| Coluna
Italiana
10/10/2003
CENTRO CULTURAL ITALIANO DE PALOTINA
GL´ITALIANI CON LA PAROLA
Por Lirio João Lolatto
Detalhes da história da Itália
Continuação da edição
anterior
O período em que a Itália esteve submetida
aos franceses foi marcado por muitas lutas e pela oposição
a Carlos de Anjou, e culminou com uma série de rebeliões
e conflitos sociais no sul da península. A derrota
final de Carlos de Anjou deu-se em Messina, e cresceu um
movimento comprometido com as classes populares. Por essa época,
os papas normalmente pertenciam a poderosas familias italianas,
que assim consolidavam seu poder.
Com a Itália sob intervenção dos Valois,
a ingerência dos papas nos assuntos franceses deu margem
a conflitos com Filipe IV, o que levou à desintegração
do poder papal na península, em 1303, os papas trocaram
Roma por Avignon, na França. O poderoso Amadeu VI,
conde de Savoia, restabeleceu a autoridade papal e em 1357,
o papa retornou a Roma. Em 1455, foi formada a Liga Italiana,
ratificada pelo papa Nicolau V e que se tornou garantia para
os menores. Livre de grandes guerras, a Itália gozou
um período de prosperidade, em todas as artes floresceram
e os vários estados se aproximaram, em nome de interesses
comuns. As instituições políticas, de
caráter despótico, procuraram exercer autoridade
direta sobre os estados da igreja.
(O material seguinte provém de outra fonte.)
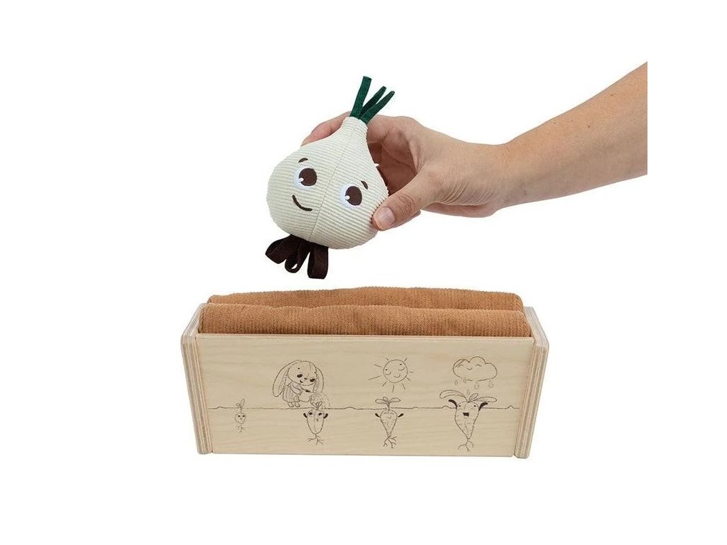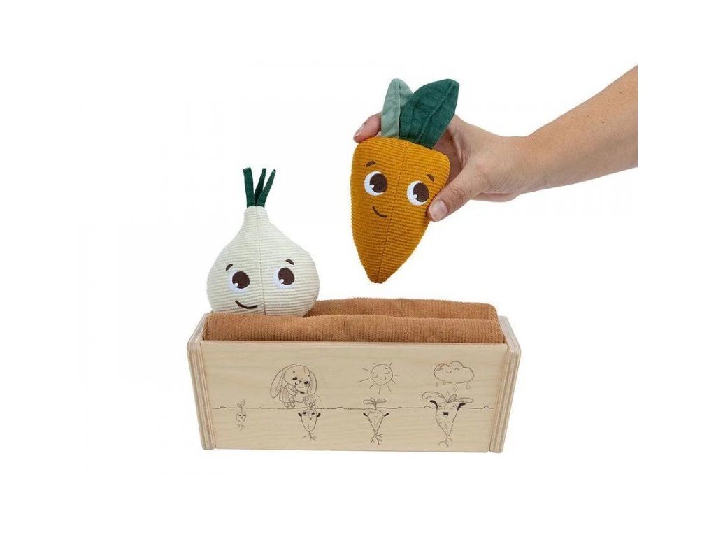 Záhradku tvorí drevený kvetináč, tri kusy zeleniny s veselými tvárami vyrobené z mäkkého textilného materiálu a drevená kanvička.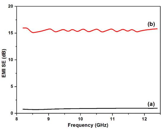 The fabric samples were measured using N9917A FieldFox Microwave Analyzer (Agilent Technologies, Santa Clara, CA, USA) measurement system in the frequency range of 8.2–12.5 GHz (X-Band). The samples were cut into a rectangle with a dimension of 50 × 50 mm2 to fit the waveguide holder. The scattering parameters (S-parameters) were obtained from the Electromagnetic interference shielding effectiveness (EMI SE) test at room temperature. The total EMI SE can be calculated as follows [20,21]:

Por volta de 1490, a península
experimentou o período de maior prosperidade, que
marcou a fase mais brilhante da história italiana,
o Renascimento.
Por volta de 1500, começou
novo período de
lutas internas e renovadas intervenções estrangeiras:
com Carlos VIII, herdeiro da casa de Anjou, e Luis XII da
França, estabeleceu-se novo domínio dos franceses,
expulsos em 1504. Em 1508 o papa Julio II formou a Liga de
Cambrai e pós fim ao domínio territorial de
Veneza. Em 1512 os suíços, membros da Santa
Liga criada pelo papa, ocuparam a Lombardia e expulsaram
os últimos franceses. No mesmo ano, a Liga restaurou
o poder dos Medici em Florença. Os franceses voltaram à carga
em 1515, quando Francisco I reconquistou o ducado de Milão,
mas Carlos da Áustria, que já dominava os reinos
espanhóis, foi coroado imperador do Sacro Império
em 1519. Em 1530, após conquistar Milão e saquear
Roma, tornou-se senhor da Itália.Durante a supremacia
espanhola, o reino italiano entrou em crescente declínio
econômico. A guerra intermitente com a França
recrudesceu. Carlos V entregou a Itália ao filho,
o futuro Filipe II da Espanha, e transferiu todos os direitos
imperiais sobre o território para aquele país.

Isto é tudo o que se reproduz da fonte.